In her 2016 Psychology Today article (found here), Dr. Ellen Hendriksen also suggests the following specifically related to anniversary reactions (some of which also relates to other triggered painful memories):
Prepare.
If you’ve had an anniversary reaction before, prepare ahead. Minimize the stressors in your life as much as possible. Arrange for extra support around that time, if needed (a trusted friend or therapist).
Commemorate.
Decide what you can do to turn the negative into a positive. For example, if the death of a loved one triggers anniversary reactions, decide what you might want to do on that anniversary to commemorate that person. Or, if the memory is of a traumatic event, you might decide to make a yearly donation to a related support group or non-profit during that time period. If the memory of a painful event is something related to a personal relationship, focus on how you have grown and what you learned from that experience.
Remember it’s temporary. Anniversary reactions will pass.
Find support.
Get more help, if necessary. If you did not receive help at the time of the traumatic event or if it wasn’t as effective as you would have liked, seek further help now. Find a therapist who is experienced in dealing with the kind of trauma you are experiencing and one with whom you feel a rapport or a connection. There is also no shame in using medication for a time to help you through the trauma.
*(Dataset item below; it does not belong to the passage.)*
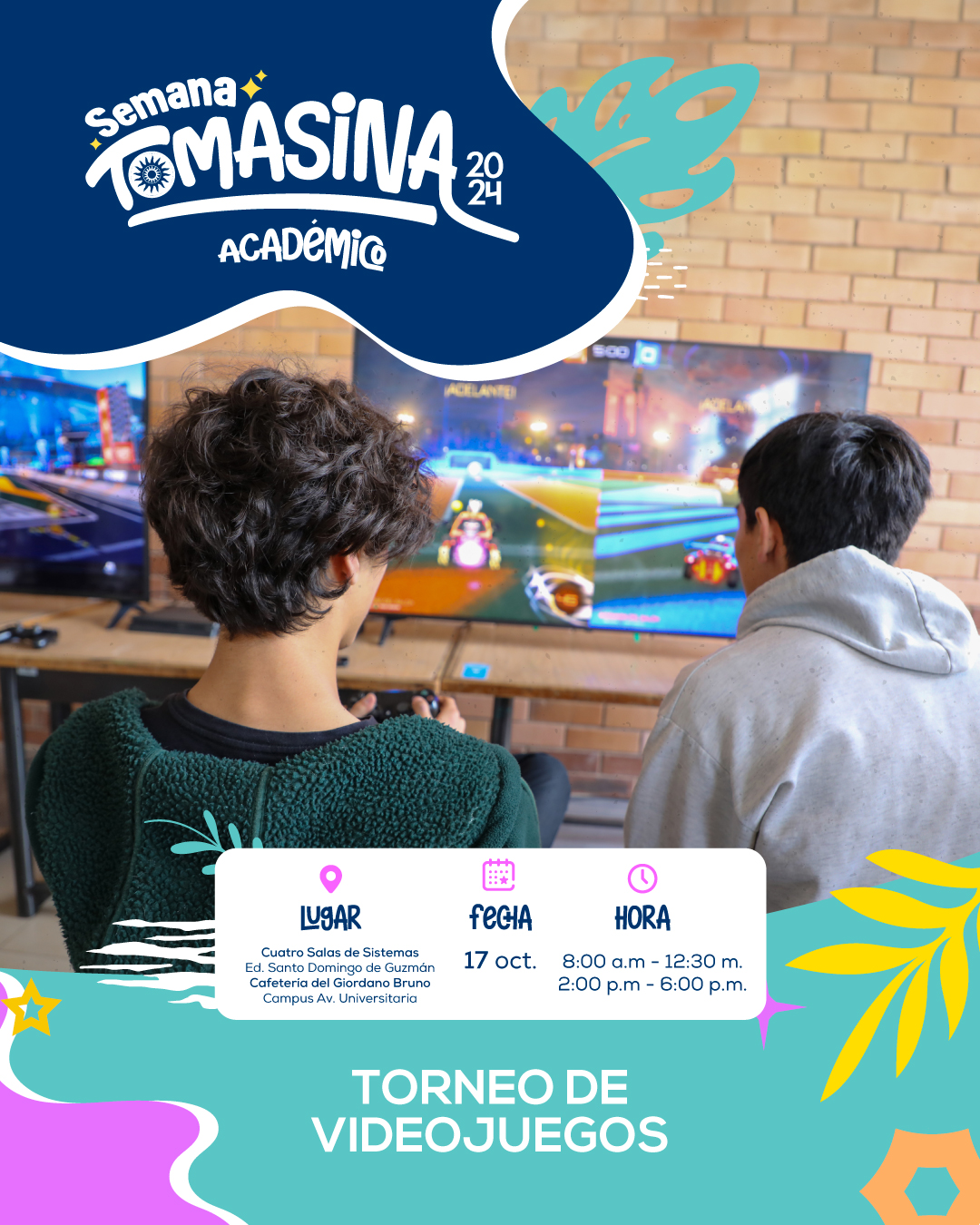 This event has passed. Ver Todos Los Eventos Torneo de Videojuegos Oct 17, 2024 @ 8:00 am - 6:00 pm | Gratis Event Navigation « Competencia de fuerza prensil y de potencia miembros inferiores Torneo de bolirana para estudiantes » Dirigido a: Estudiantes Detalles Fecha: Oct 17, 2024 Hora: 8:00 am - 6:00 pm Costo: Gratis Categoría del Evento: Académico, Jueves Lugar Sala de Sistemas 1, 2 y 3 Edificio Giordano Bruno, O.P. Campus Avenida Universitaria Organizador Facultad de Ingeniería de Sistemas + Google Calendar+ iCal Export Anterior Competencia de fuerza prensil y de potencia miembros inferiores Siguiente Torneo de bolirana para estudiantes
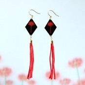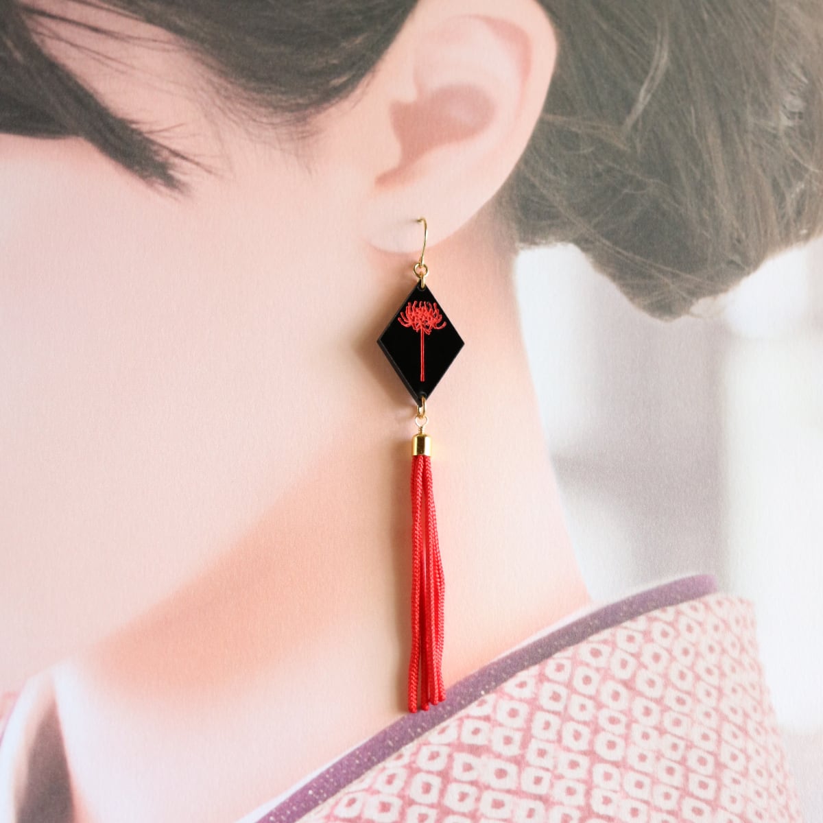 タッセル揺れる彼岸花(ヒガンバナ)のピアス/p1632

As for the happy memories, cherish them…
As I stood in front of that huge, circular tank and watched the sparkle of silver as the sardines swam by, I was suddenly transported back about 45 years. My dad had come home for lunch on a warm summer day. He pulled out a can of sardines, a box of Triscuits, a wedge of cheese, and a McIntosh apple. He placed them all on a breadboard and sat down at the kitchen table. I remembered him pulling back the lid on the can and laughing at my reaction as he offered me one of the little sardines on a cracker. I remembered the textured orange wallpaper and shelves on the wall behind him. I remembered the hardness of the captains’ chairs in which we were seated and the vinyl orange placemats on the dark wood of the table. I remembered his voice. I remembered the love between us. My throat constricted and my eyes filled with tears as I stood there in the aquarium remembering my dad.